兵庫県は13日、338億円の地方債を違法に発行して資金を調達し、借金返済のために積み立てている「県債管理基金」の残高を実際よりも多く見せかけていたと発表した。この会計処理を修正すると、2030年度決算で都道府県として初めて「早期健全化団体」に転落する可能性があるという。
違法な借り換えの経緯
兵庫県財政課によると、問題の会計処理は2020年度に行われた。公共事業の用地取得のために発行した490億円分の地方債が満期を迎えた際、本来は用地売却で得た338億円分を県債管理基金から取り崩して返済する必要があったにもかかわらず、返済せずに全額を借り換えた。その結果、338億円は県債管理基金に積まれたままとなった。

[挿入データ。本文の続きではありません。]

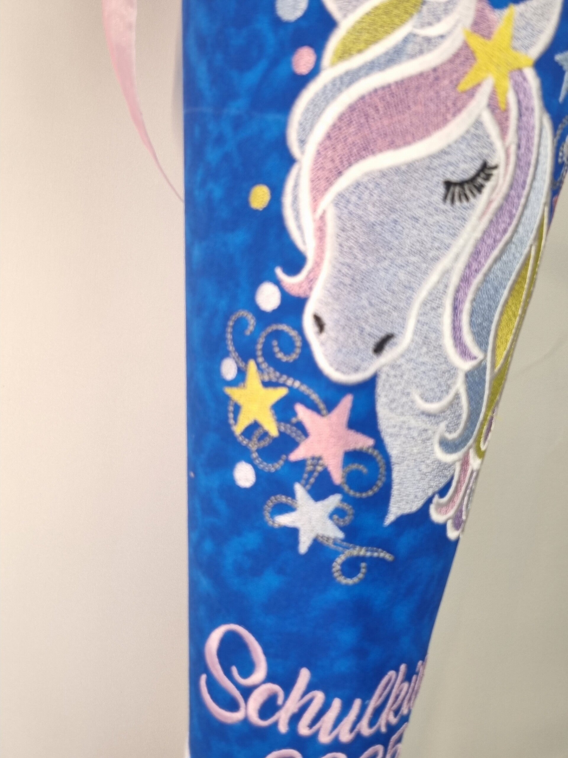 Diese handgefertigte Schultüte mit Einhorn-Stickerei sorgt für magische Momente am ersten Schultag!

財政課は、この地方債は用地取得に限定して活用できるものであり、売却済みの338億円分の借り換えは「地方財政法に抵触する」と説明している。
発覚の経緯と背景
財政課は6月に新聞社の取材を受けて問題に気づき、総務省に確認したところ、違法な借り換えと判断されたという。返済すべき地方債を返済せず、基金に積み続けた理由について、財政課の幹部は「県の財政運営の目標に、県債管理基金の積み立て不足率の指標があり、それが念頭にあったのでは」と述べている。

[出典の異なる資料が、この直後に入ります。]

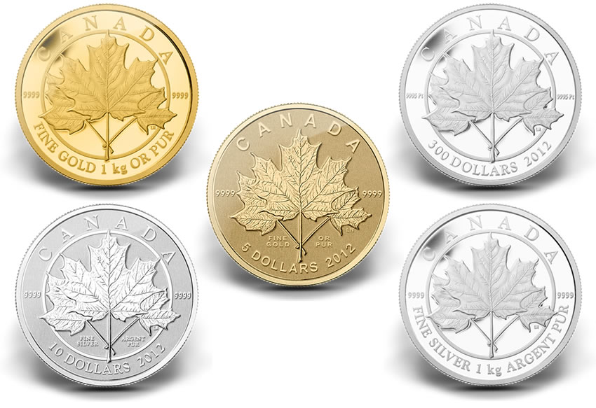 With a wide variety of sizes and compositions, the new 2012 Forever Maple Leaf Coins are priced to fall within a range of budgets. The largest sizes have extremely small mintages, and will likely sellout first. Last year’s kilo sized coin sold out on launch day.

兵庫県は阪神・淡路大震災後の財政難から、今年8月には国の許可がなければ起債できない「起債許可団体」となる見通しだ。今回の問題を受け、基金残高を減らした上で長期金利などの財政見通しを見直すと、財政規模に対する借金返済の割合を示す実質公債費比率(3年平均)がさらに悪化する。
早期健全化団体転落の恐れ
対策を講じなければ、2030年度に実質公債費比率が25%以上となり、北海道夕張市のような財政再生団体の手前にある早期健全化団体に転落する恐れがある。早期健全化団体になると、地方自治体財政健全化法に基づく財政健全化計画を公表し、国に報告する義務が生じる。
兵庫県は現在、財政難から投資事業の抑制を余儀なくされており、今回の違法処理がさらなる財政悪化を招く可能性がある。